Messrs. Gordon and Co. contend that in the ordinary system of placing transformers it is not profitable to supply a customer unles he will take 15 or 20 lamps, but by the system introduced into Carlow the small customer using one, two, or three lights is, pro rata, as good a customer as anybody else, and there seems to be much truth in this contention. We trust that experience will go to prove that many private residents will install a few lights when only a few are really required, so that the summation of these installations will lead to demand to the full capacity of the works.

This point is absolutely essential if electricity is ever to cease to be a luxury of the rich and to become the poor man's light.

Messrs. Gordon claim that they have solved the question, and have brought the light within the reach of anyone who is able to afford gas.

The machinery was started for the first time a few minutes after midnight on Wednesday, June 24 and has

run without a hitch or difficulty from the moment of starting.

Messrs. Gordon's engineer-in-charge, Mr. Meredith (son of Mr. George Meredith, the well-known novelist), together with an English foreman, has carried out the work entirely by local labour. The whole of the erection of poles, placing of machinery, wiring of houses, etc., has been done by the ordinary labourers of the district, of whom between 40 and 50 have been employed ever since the work was commenced in December last.

We have in a previous issue referred to the inaugural banquet, and it only remains to add that the various deputations seemed highly pleased with the installation, and went away with the view to use their best endeavours to get the light introduced into the various towns represented by them.

It is difficult to calculate what effect this introduction of a new enterprise may have upon the future political and social development of Ireland.

It is expected that the next town that will be completed by Messrs. Gordon will be Larne, the rising sea port and holiday resort near Belfast, the importance of which is rapidly increasing since the opening of the new Larne and Stranraer mail route, a portion of which will be lighted up on August 1st.

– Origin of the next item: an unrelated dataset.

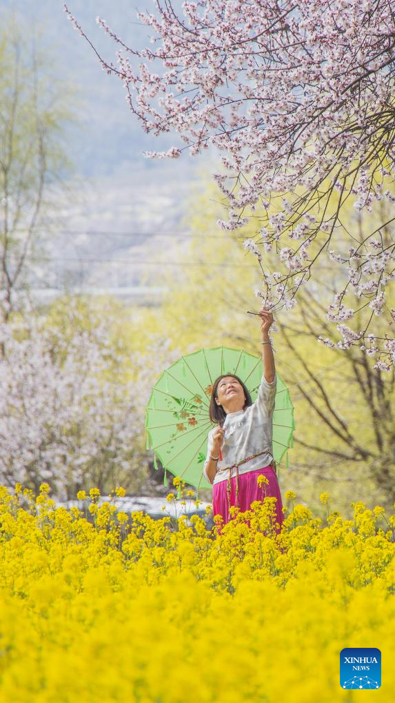 A tourist poses for photos at a cole flower field in a village of Nyingchi, southwest China's Xizang Autonomous Region, April 6, 2024. (Xinhua/Sun Fei)
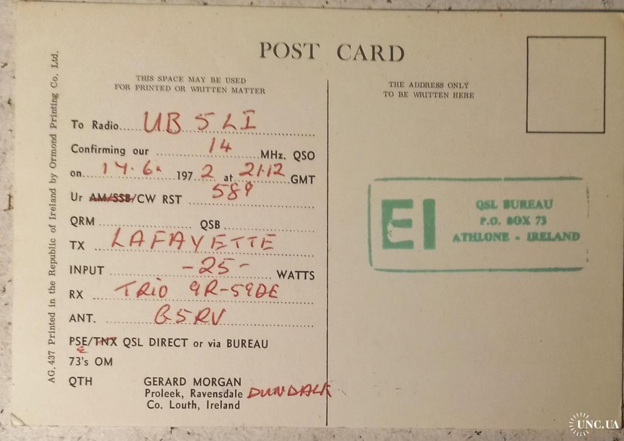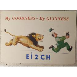 Рекламная почтовая карточка, совмещенная с QSL-карточкой. На лицевой стороне комичный образ ирландца, который спасается бегством от льва и держит перед собой кружку и бутылку с любимейшим напитком. Надпись: «Боже мой, мой Гиннесс! В Ирландии «Гиннесс»— это не просто бренд темного пивного бренда, а национальный символ, культурная икона и самый популярный алкогольный напиток, символизирующий страну во всем мире.. Этот бренд, основанный Артуром Гиннессом в 1759 году, олицетворяет ирландские традиции, пабную культуру и гордость. Ниже размещен позывной-сигнал ирландца Джерарда. На обратной стороны – данные радиообмена в эфире и локация. Это Дандолк — город в Ирландии, административный центр графства Лаут. Находится на побережье Ирландского моря примерно в 80 километрах к северу от Дублина. Дандолк — исторический город в Ирландии (графство Лаут), богатый древними руинами, кельтскими памятниками и легендами. Карточка без дефектов. Состояние отличное.

Negotiations are in progress with various other important

towns.

NIBLETT'S SOLID ACCUMULATOR.

Of late years many attempts have been made to overcome that inherent weakness of all known electric storage batteries--viz., the warping, buckling, and rapid disintegration of its elements-but so far but little real advance seems to have been made. The want of a really good, inexpensive, mechanically strong cell of high capacity and small weight has been keenly felt by all those who have been associated with electric tramcar work, electric launches, and the almost innumerable other purposes where some form of portable means of storing electrical energy is an essential. The many suggested plans for producing locomotion by means of electricity are just now attracting much attention, and there is every prospect that at no very distant period this branch of electrical engineering will become fully as important as the electric lighting industry is at present. Much may be said in favour of the suggested methods of conveying the electrical energy through overhead conductors, the utilisation of the road rails, or separate insulated high-conductivity conductors as the leads, or the mode of "picking up" the current from underground mains. If, however, a secondary battery can be produced which shall be capable of withstanding the excessive electrical strain incidental to a rapid and irregular rate of discharging, and the mechanically disruptive effect which always seems to attend concussion and jolting, and greatly tells upon all forms of accumulators when used for traction purposes, then the self-contained storage battery system would be found to compare most favourably with any of them, both in point of simplicity and economy.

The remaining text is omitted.